Soon after, Gaddafi summoned him to Sirte. As Moussa waited in the tent, Gaddafi’s secretary, Bashir Saleh, walked by singing an old Arabic poem: “You seem tearless, and patience is your nature.” Moussa quipped: “Tell the leader he’s not tearless—he’s payment-less!” Saleh shared the joke with Gaddafi, who burst into laughter and finally paid Libya’s dues.

Later, during an Arab summit in Libya, Gaddafi displayed a surprising sense of responsibility. Moussa recalled a heated moment when Yemeni President Ali Abdullah Saleh demanded immediate action on forming a pan-Arab army. Gaddafi gently interrupted: “Take it easy, Ali.” That phrase—“Take it easy, Ali”—spoke volumes, according to Moussa. “It revealed Gaddafi’s desire to manage tension even among volatile leaders.”

On Hosni Mubarak and the ‘pharaoh’ myth

Asked if Mubarak ever resembled the authoritarian archetype of a “pharaoh” as Russians view their “czars,” Moussa was firm: “No, not Mubarak. Maybe Sadat had some traits—he liked symbolism. But Mubarak? He wasn’t violent, nor bloodthirsty. Yes, he could be firm, but he didn’t revel in bloodshed.”

Moussa clarified that while Mubarak might have approved harsh punishments as president, it never escalated to a murderous level. “Perhaps there were isolated incidents, especially within the prison system, but it wasn’t part of Mubarak’s character to govern through violence. He wasn’t built that way.”

Saddam Hussein meets with Amr Moussa in Iraq in January 2002. (AFP)

The song that stirred controversy

When the Egyptian folk singer Shaaban Abdel Rahim sang “I hate Israel, and I love Amr Moussa,” it caused a stir. Moussa downplayed the drama. “I don’t think Mubarak himself was offended. He was the president; no foreign minister would rival him in popularity. But some people in the surrounding circles—not necessarily his inner circle—were irked.”

Eventually, another version of the song emerged, replacing Moussa’s name with Mubarak’s. “But it was the original that made waves. Even a diplomat from Latin America once told me, ‘We’re dancing to this song here!’”

A difficult meeting with Saddam Hussein

One of the most tense encounters Moussa ever had was with Iraqi President Saddam Hussein. After being elected Secretary-General of the Arab League in 2001, Moussa set out to visit all Arab leaders. He deliberately left Saddam until the end, knowing the sensitivities involved.

In January 2002, Moussa visited Saddam at a small palace. He carried a message from UN Secretary-General Kofi Annan regarding weapons inspections. “I told Saddam that Annan was open to negotiations, and that continued confrontation with the US would lead nowhere. At some point, no one would stand by him.”

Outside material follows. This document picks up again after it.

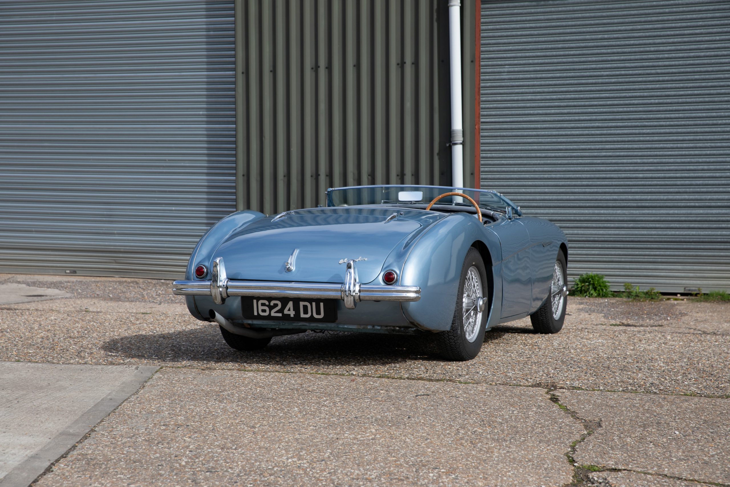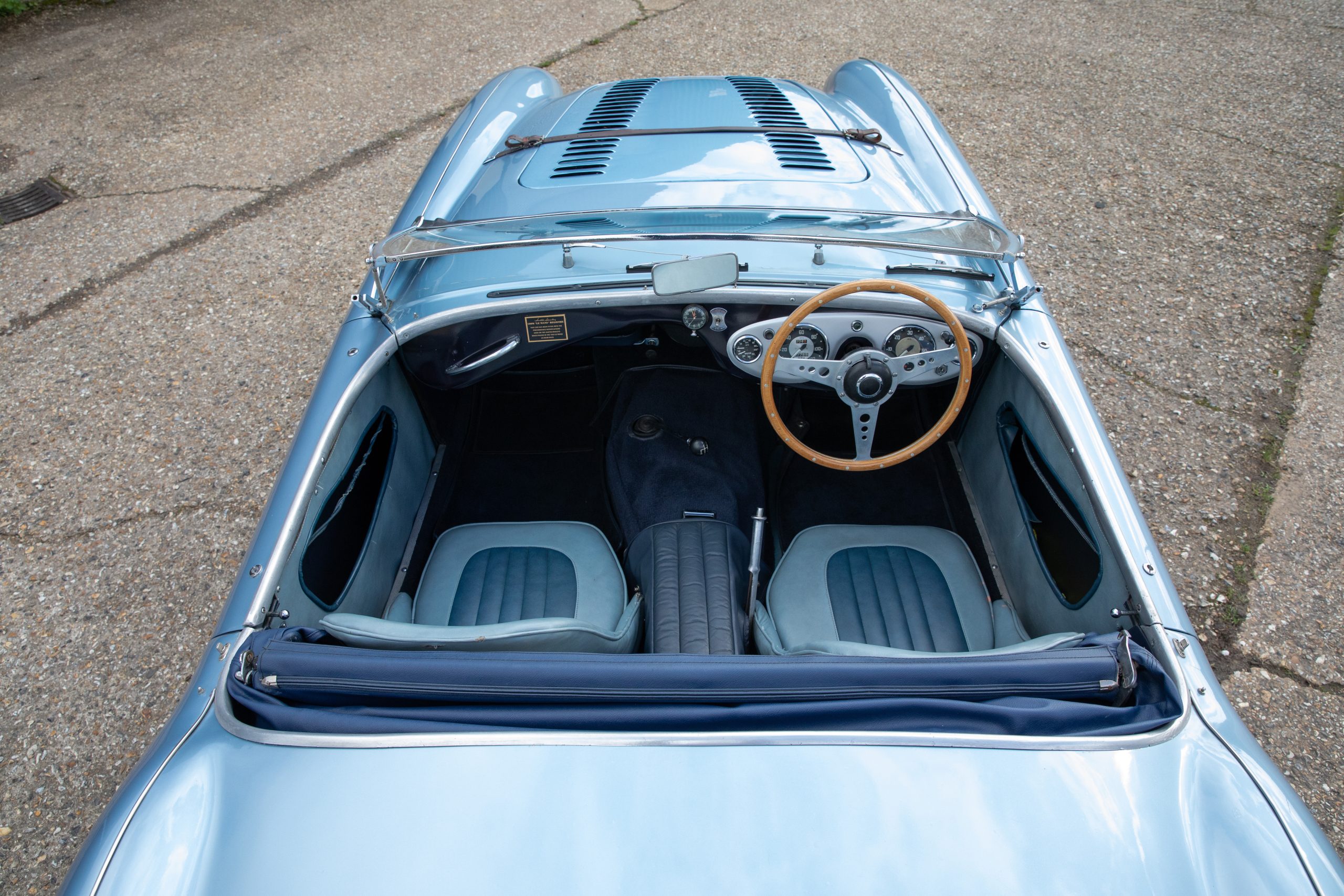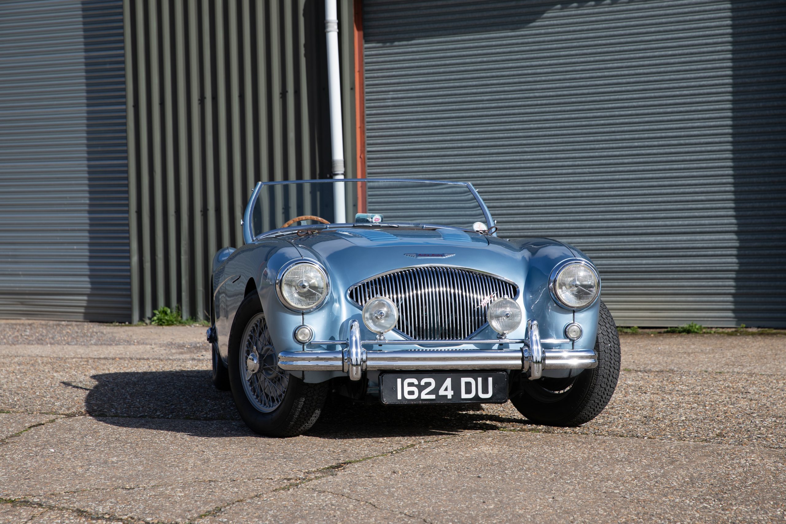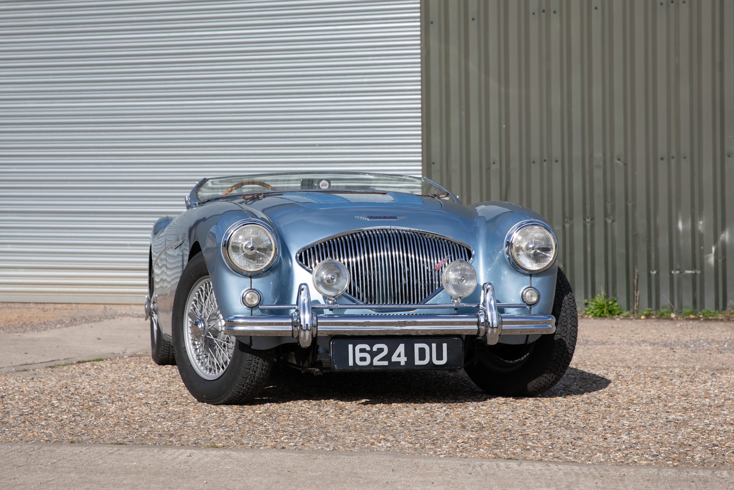 For sale an extremely early example of the Austin Healey 100. 1624 DU is a 1953 BN1 model, built 3rdDecember 1953 and as such features the purest lines of all the Healeys with no door handles, no external fuel filler and single rear light (unique to the earlier cars with later cars spawning reflectors). Finished in Healey Blue metallic with Aluminium Silver wire wheels and a duo-tone Navy/ Light Blue interior with dark Navy carpet set. The car is fitted with the full 100M kit including louvred bonnet.

Moussa asked Saddam directly: “Do you possess nuclear weapons?” Saddam answered, “No.” Moussa pressed him again: “Are you absolutely sure?” Saddam repeated, “No.” This made Moussa’s deputy, Ahmed Ben Helli, visibly nervous. “He probably thought we weren’t going to walk out of there.”

Moussa then asked why Iraq objected to the UN inspectors. Saddam responded: “These people don’t just inspect nuclear sites. They ask civilians about food supplies, their opinions on the government. What business is that of theirs?”

Moussa promised to report this to Annan, which he did. Negotiations resumed between Iraq and the UN, but history took its course and the US-led invasion followed.

Asked if he felt fortunate never to have served directly under a figure like Gaddafi, Moussa answered without hesitation: “Absolutely. I saw how respected men like Shalgham and Treki were sidelined. You could be a top official one day and under house arrest the next.”